» **ENTRIES SUPPLIED**:
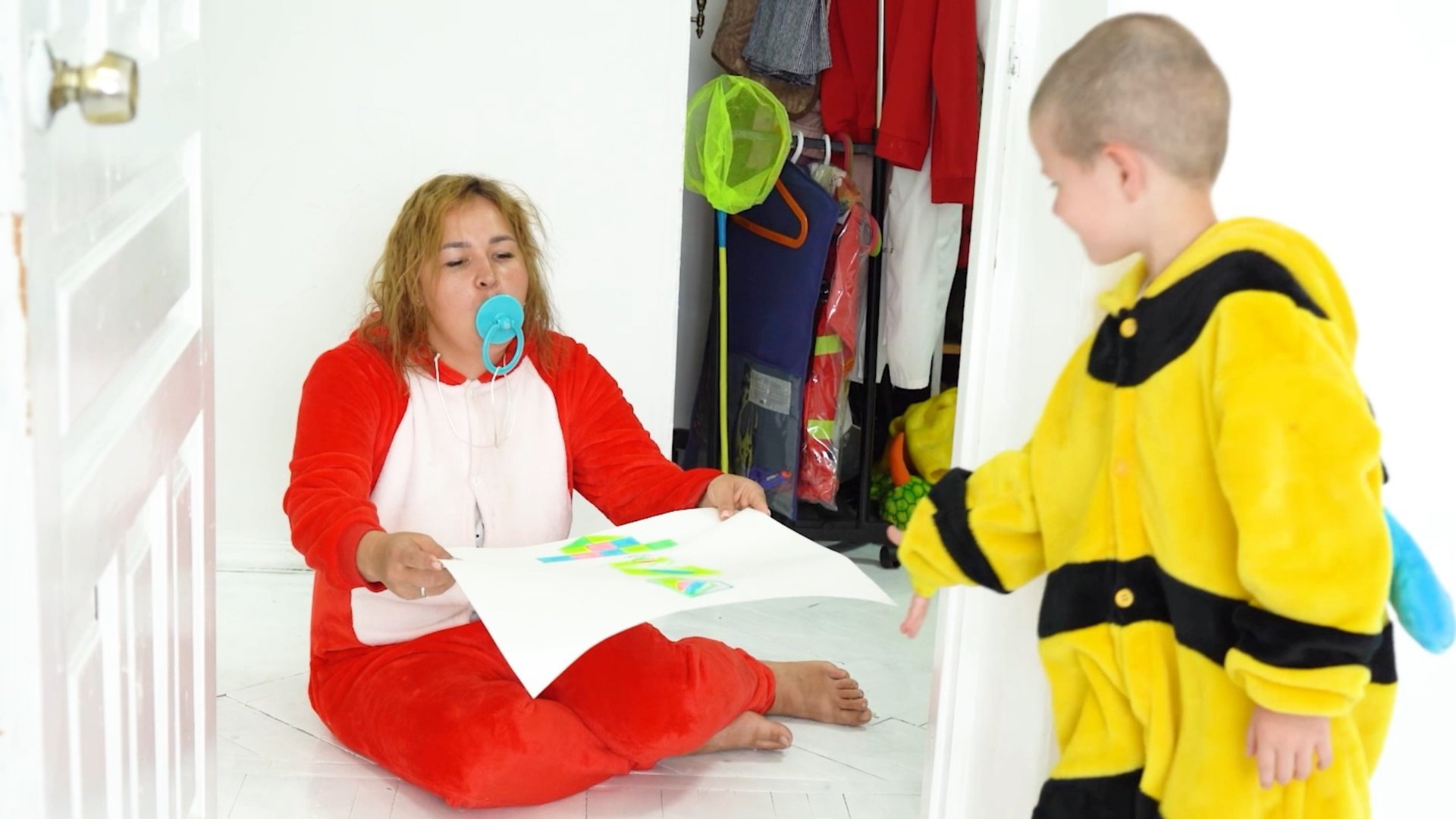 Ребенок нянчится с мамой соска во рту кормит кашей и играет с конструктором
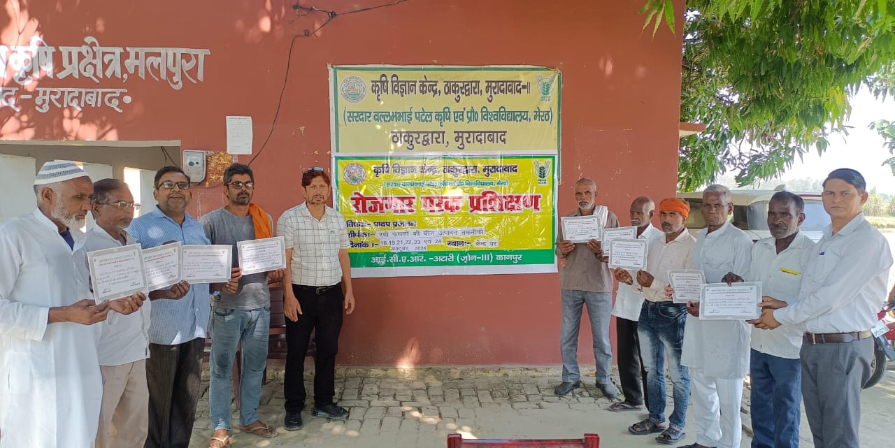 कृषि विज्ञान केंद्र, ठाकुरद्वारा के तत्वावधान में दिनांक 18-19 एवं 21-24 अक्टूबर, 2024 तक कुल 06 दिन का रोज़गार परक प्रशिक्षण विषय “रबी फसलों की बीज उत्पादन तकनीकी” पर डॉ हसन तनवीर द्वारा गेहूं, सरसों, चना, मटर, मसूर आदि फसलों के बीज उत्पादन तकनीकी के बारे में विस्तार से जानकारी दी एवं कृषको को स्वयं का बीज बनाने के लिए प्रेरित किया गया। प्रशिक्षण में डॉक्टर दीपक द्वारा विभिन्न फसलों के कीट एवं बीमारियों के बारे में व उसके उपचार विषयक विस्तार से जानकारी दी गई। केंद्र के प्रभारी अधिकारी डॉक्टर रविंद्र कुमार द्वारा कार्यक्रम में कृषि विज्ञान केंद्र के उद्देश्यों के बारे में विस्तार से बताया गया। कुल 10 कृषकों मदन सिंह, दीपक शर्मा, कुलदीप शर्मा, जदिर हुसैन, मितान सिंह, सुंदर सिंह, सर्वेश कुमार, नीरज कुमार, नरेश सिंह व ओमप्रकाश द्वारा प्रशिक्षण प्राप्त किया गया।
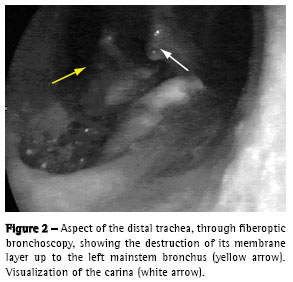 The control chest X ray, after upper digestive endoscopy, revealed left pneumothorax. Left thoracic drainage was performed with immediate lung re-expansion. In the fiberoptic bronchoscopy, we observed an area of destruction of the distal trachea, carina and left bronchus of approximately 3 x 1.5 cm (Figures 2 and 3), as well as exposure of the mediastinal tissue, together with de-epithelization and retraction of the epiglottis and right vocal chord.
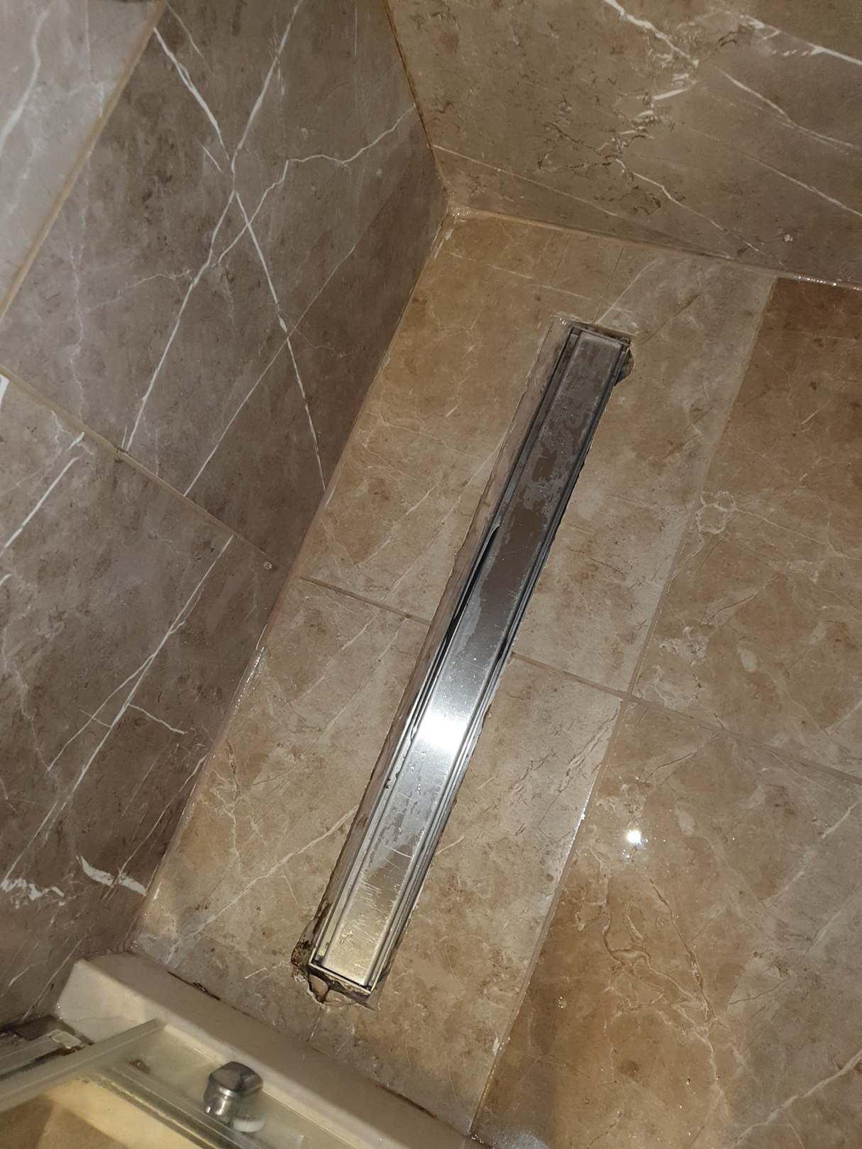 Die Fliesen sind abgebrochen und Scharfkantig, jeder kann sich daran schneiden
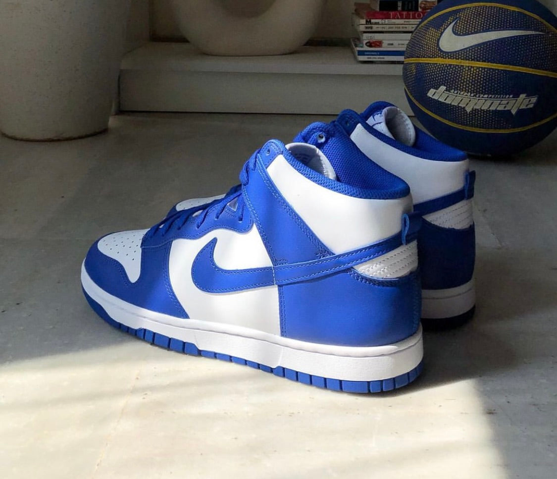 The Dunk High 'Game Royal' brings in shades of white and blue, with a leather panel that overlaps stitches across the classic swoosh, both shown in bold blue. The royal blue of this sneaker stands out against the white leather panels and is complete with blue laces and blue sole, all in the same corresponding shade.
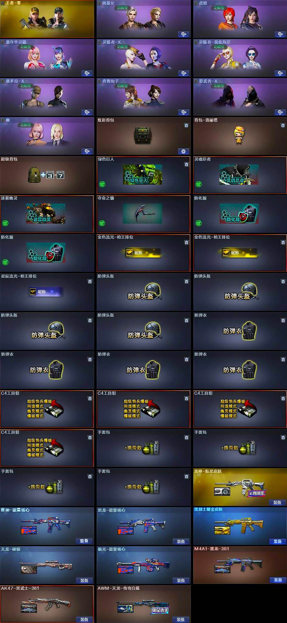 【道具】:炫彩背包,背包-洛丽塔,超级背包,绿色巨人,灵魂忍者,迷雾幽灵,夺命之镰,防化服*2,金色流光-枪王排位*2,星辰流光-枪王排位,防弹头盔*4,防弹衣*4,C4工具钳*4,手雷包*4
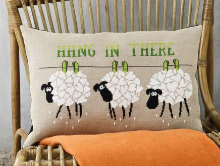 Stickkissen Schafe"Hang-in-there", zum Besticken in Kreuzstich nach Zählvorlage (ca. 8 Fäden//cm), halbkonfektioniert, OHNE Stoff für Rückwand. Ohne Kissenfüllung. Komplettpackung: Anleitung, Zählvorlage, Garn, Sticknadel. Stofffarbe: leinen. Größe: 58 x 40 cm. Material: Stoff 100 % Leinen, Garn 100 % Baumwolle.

» **PROBLEM**:
Only the lines from where the data begins to the line with "कृषि विज्ञान केंद्र, ठाकुरद्वारा", both of them included, should be reproduced word for word; no pictures.

» **ANSWER TO THIS PROBLEM**:
 Ребенок нянчится с мамой соска во рту кормит кашей и играет с конструктором
 कृषि विज्ञान केंद्र, ठाकुरद्वारा के तत्वावधान में दिनांक 18-19 एवं 21-24 अक्टूबर, 2024 तक कुल 06 दिन का रोज़गार परक प्रशिक्षण विषय “रबी फसलों की बीज उत्पादन तकनीकी” पर डॉ हसन तनवीर द्वारा गेहूं, सरसों, चना, मटर, मसूर आदि फसलों के बीज उत्पादन तकनीकी के बारे में विस्तार से जानकारी दी एवं कृषको को स्वयं का बीज बनाने के लिए प्रेरित किया गया। प्रशिक्षण में डॉक्टर दीपक द्वारा विभिन्न फसलों के कीट एवं बीमारियों के बारे में व उसके उपचार विषयक विस्तार से जानकारी दी गई। केंद्र के प्रभारी अधिकारी डॉक्टर रविंद्र कुमार द्वारा कार्यक्रम में कृषि विज्ञान केंद्र के उद्देश्यों के बारे में विस्तार से बताया गया। कुल 10 कृषकों मदन सिंह, दीपक शर्मा, कुलदीप शर्मा, जदिर हुसैन, मितान सिंह, सुंदर सिंह, सर्वेश कुमार, नीरज कुमार, नरेश सिंह व ओमप्रकाश द्वारा प्रशिक्षण प्राप्त किया गया।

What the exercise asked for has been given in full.